I am also of the view that, bearing in mind the very public nature of the publication of this material and the public way in which Dr Toben conducted his engagement in the inquiry process, it is appropriate that a public apology be provided to the complainant. This is particularly the case as no financial compensation is sought by the complainant. I also consider it appropriate that the apology should appear on the respondent’s website, should this be maintained.


The complainant also sought a determination that the respondent should at his own expense undertake a course of counselling by a conciliation officer of the Commission. I understand no such course of counselling is available and I shall not make any direction along those lines.


Pursuant to section 25Z(1)(b) I make the following determinations:

(1) I find the complaint substantiated;
(2) I declare that the respondent Dr Fredrick Toben, representing the Adelaide Institute, has engaged in conduct rendered unlawful by section 18C of this Act in the publication of material racially vilificatory of Jewish people, on the Adelaide Institute’s Internet site. This conduct is rendered unlawful by Part IIA of the Act;
(3) I declare that the respondent Dr Fredrick Toben, representing the Adelaide Institute, should remove the contents of the Adelaide Institute website from the World Wide Web and not re-publish the content of that website in public elsewhere;
(4) I declare that the respondent Dr Fredrick Toben, representing the Adelaide Institute, should make a statement of apology to Mr Jeremy Jones and those members of the Jewish community of Australia whom he represented in this complaint. That apology should be made in writing to Mr Jones, and further should appear on the home page of the Adelaide Institute website.
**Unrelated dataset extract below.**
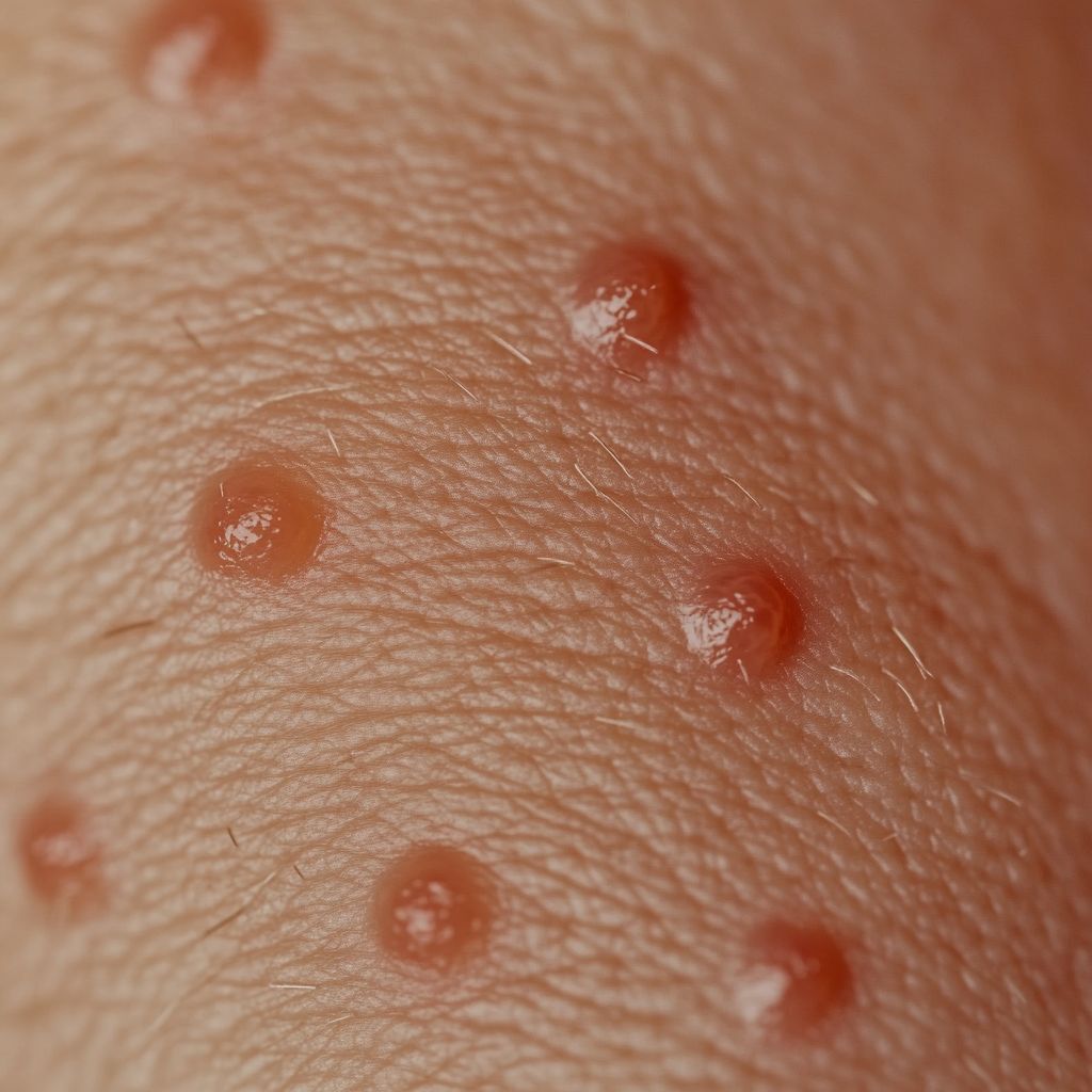 Flohbiss: Flöhe beissen oft in Gruppen oder Reihen, besonders an den Beinen, Knöcheln und Füssen. Die Bisse sind klein, rot und verursachen intensiven Juckreiz. Sie können sekundäre Infektionen hervorrufen, wenn sie aufgekratzt werden.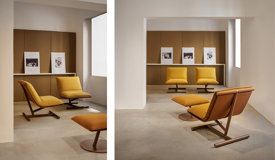 Questa metafora prende forma concreta nella collaborazione con True: nella vetrina della boutique sarà infatti esposta, fino alla fine di aprile, “Farfalla”, nuova interpretazione di una storica seduta progettata nel 1974 da Roberto Lucci e Paolo Orlandini, oggi riletta in chiave contemporanea da Folco Orlandini per True. La sedia imbottita, icona dal design leggero e riconoscibile, unisce storia, eleganza e audacia in un oggetto dal forte valore simbolico. La forma evoca il battito d’ali da cui prende il nome: ogni seduta vive da sola, ma accostata ad altre costruisce una composizione organica, dinamica, naturale. L’originale si trasforma, ma non si perde. La nuova versione è più slanciata, la struttura più tesa e definita: un equilibrio armonico tra memoria e trasformazione.

The terms of the apology are to be as follows:

“I hereby unreservedly and unconditionally apologise to you and to the Australian Jewish community for having published materials inciting hatred against the Jewish people in contravention of the Racial Discrimination Act. I undertake that neither I nor any employee or agent of mine (actual or ostensible) will publish any such material in the future and that all such material which is presently published by me, or by any employee or agent of mine (actual or ostensible) in any print or electronic media (including the Internet) will forthwith be withdrawn from publication”.


I certify that this and the preceding thirty-eight pages is a true copy of the Reasons for Decision of Ms Kathleen McEvoy, Inquiry Commissioner.